代码的第二部分使用itertuples函数也不起作用:

  1. for x in df.itertuples():
  2. if x.one_one in x.one_one_back:
  3. df['start_end'] = 'start'
  4. else:
  5. df['start_end'] = 0

并引发错误:

  1. Traceback (most recent call last):
  2. File "/home/emoranska/Pulpit/burak/homozyg_regions/homozyg_bins.py", line 55, in <module>
  3. if x.one_one in x.one_one_back:
  4. TypeError: argument of type 'float' is not iterable

我已经检查了数据类型:

  1. print(df.loc[0, 'one_one'], type(df.loc[0, 'one_one']))
  2. print(df.loc[1, 'one_one_back'], type(df.loc[1, 'one_one_back']))
  3. for x in df.loc[1, 'one_one_back']:
  4. print(x, type(x))

并且可以确定这些都是字符串列表:

  1. ['P1-88', 'P1-89', 'P1-26', 'P1-12'] <class 'list'>
  2. ['P1-88', 'P1-89', 'P1-26', 'P1-12'] <class 'list'>
  3. P1-88 <class 'str'>
  4. P1-89 <class 'str'>
  5. P1-26 <class 'str'>
  6. P1-12 <class 'str'>

那么为什么会出现浮点数,以及为什么会出现TypeError错误?请帮助我解决这个问题,因为我感到非常困惑...

英文:

I want to compare two columns in the dataframe containing lists of strings.
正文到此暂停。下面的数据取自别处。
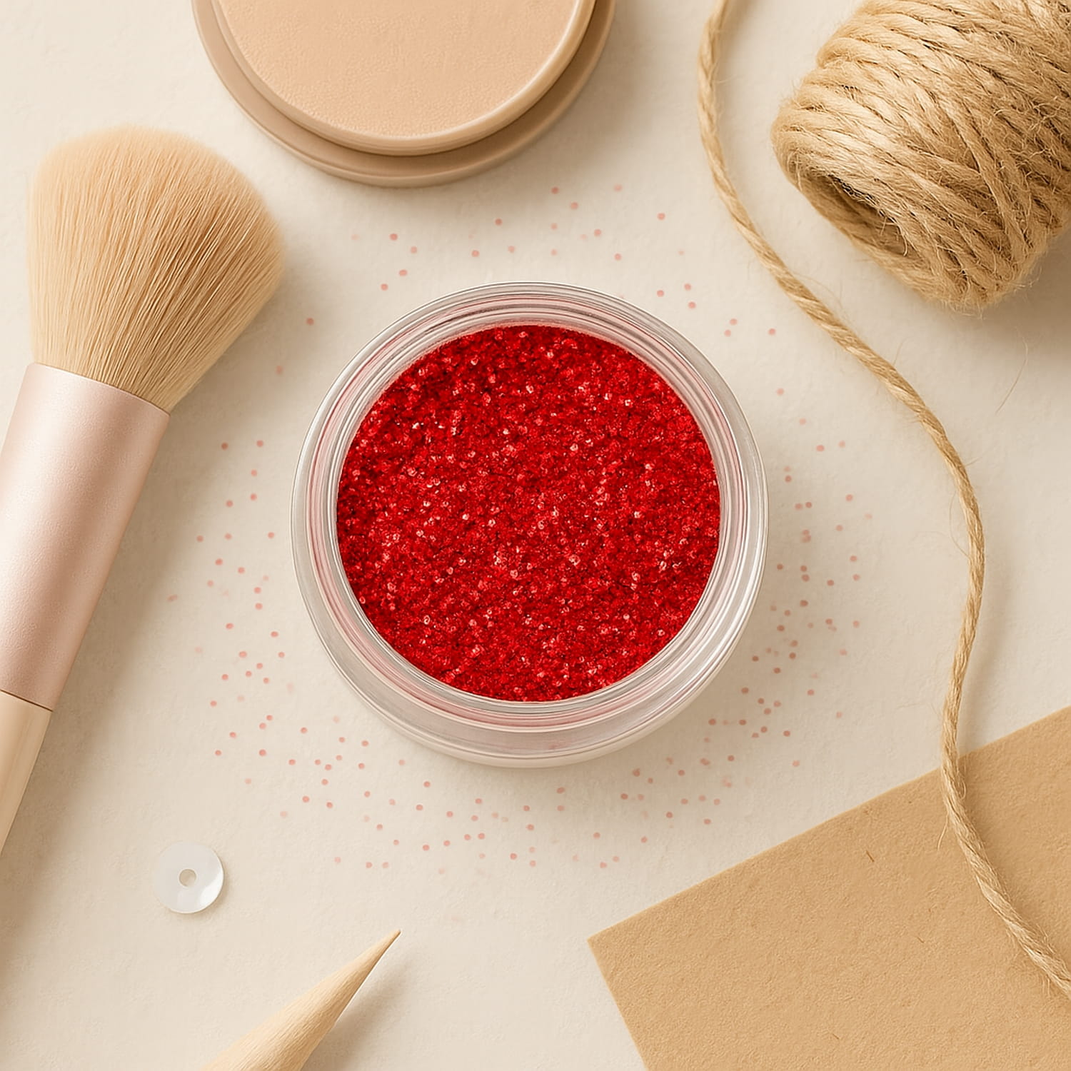 Ozdobny brokat 2g dekoracyjny CZERWONY SZKARŁATNY w pojemniczku. Sypki, drobny pyłek brokatowy do paznokci, powiek, makijażu oczu, tatuaży dla dzieci
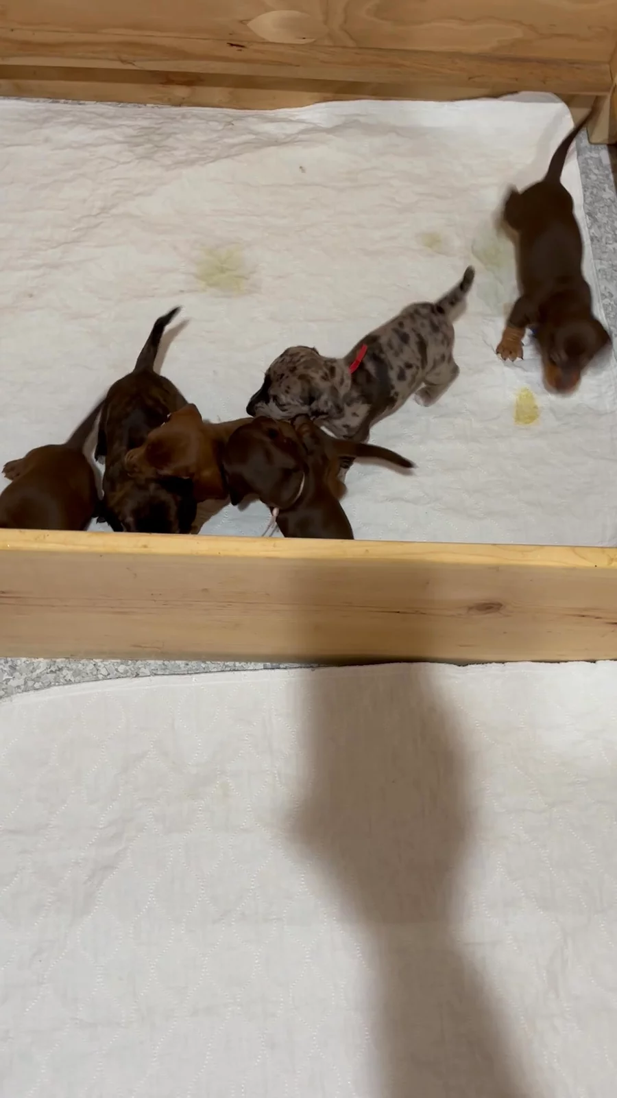 Here are some pictures of Ruby’s puppies. All the puppies have their eyes open now and are beginning to toddle and play. They are so adorable to watch. 2 females and 2 males are still available as of 6/28/25.

A part of my input data looks like that:

  1. CHROM POS ID REF ALT QUAL FILTER INFO FORMAT P1-25 P1-93 P1-88 P1-6 P1-89 P1-26 P1-12 P1-92 P1-22 P1-90 P1-28 P1-95 one_one zero_zero one_one_back zero_zero_next
  2. 0 NC_064017.1 153210 . T C . . . GT 0/0 0/0 1/1 0/0 1/1 1/1 1/1 0/0 0/0 0/1 0/0 0/0 [P1-88, P1-89, P1-26, P1-12] [P1-25, P1-93, P1-6, P1-92, P1-22, P1-28, P1-95] NaN [P1-25, P1-12, P1-22]
  3. 1 NC_064017.1 965007 . A G . . . GT 0/0 1/1 . 0/1 1/1 . 0/0 1/1 0/0 0/1 . 0/1 [P1-93, P1-89, P1-92] [P1-25, P1-12, P1-22] [P1-88, P1-89, P1-26, P1-12] [P1-25, P1-88, P1-12, P1-22, P1-28]
  4. 2 NC_064017.1 965038 . C T . . . GT 0/0 1/1 0/0 0/1 1/1 . 0/0 1/1 0/0 0/1 0/0 0/1 [P1-93, P1-89, P1-92] [P1-25, P1-88, P1-12, P1-22, P1-28] [P1-93, P1-89, P1-92] [P1-93, P1-26, P1-92]
  5. 3 NC_064017.1 1084455 . A G . . . GT 1/1 0/0 . 1/1 1/1 0/0 1/1 0/0 0/1 1/1 0/1 1/1 [P1-25, P1-6, P1-89, P1-12, P1-90, P1-95] [P1-93, P1-26, P1-92] [P1-93, P1-89, P1-92] [P1-25, P1-6, P1-28]
  6. 4 NC_064017.1 1117756 . A C . . . GT 0/0 0/1 1/1 0/0 . 1/1 1/1 1/1 1/1 1/1 0/0 1/1 [P1-88, P1-26, P1-12, P1-92, P1-22, P1-90, P1-95] [P1-25, P1-6, P1-28] [P1-25, P1-6, P1-89, P1-12, P1-90, P1-95] [P1-22, P1-90, P1-28]
  7. 5 NC_064017.1 1250643 . T C . . . GT 0/1 0/1 0/1 1/1 0/1 1/1 0/1 0/1 0/0 0/0 0/0 1/1 [P1-6, P1-26, P1-95] [P1-22, P1-90, P1-28] [P1-88, P1-26, P1-12, P1-92, P1-22, P1-90, P1-95] [P1-22, P1-90, P1-28]
  8. 6 NC_064017.1 1250740 . T A . . . GT 0/1 1/1 0/1 1/1 0/1 1/1 0/1 0/1 0/0 0/0 0/0 0/1 [P1-93, P1-6, P1-26] [P1-22, P1-90, P1-28] [P1-6, P1-26, P1-95] [P1-93, P1-6, P1-89, P1-12, P1-90, P1-95]
  9. 7 NC_064017.1 1372722 . A C . . . GT 1/1 0/0 1/1 0/0 0/0 1/1 0/0 1/1 1/1 0/0 1/1 0/0 [P1-25, P1-88, P1-26, P1-92, P1-22, P1-28] [P1-93, P1-6, P1-89, P1-12, P1-90, P1-95] [P1-93, P1-6, P1-26] [P1-93, P1-26, P1-28]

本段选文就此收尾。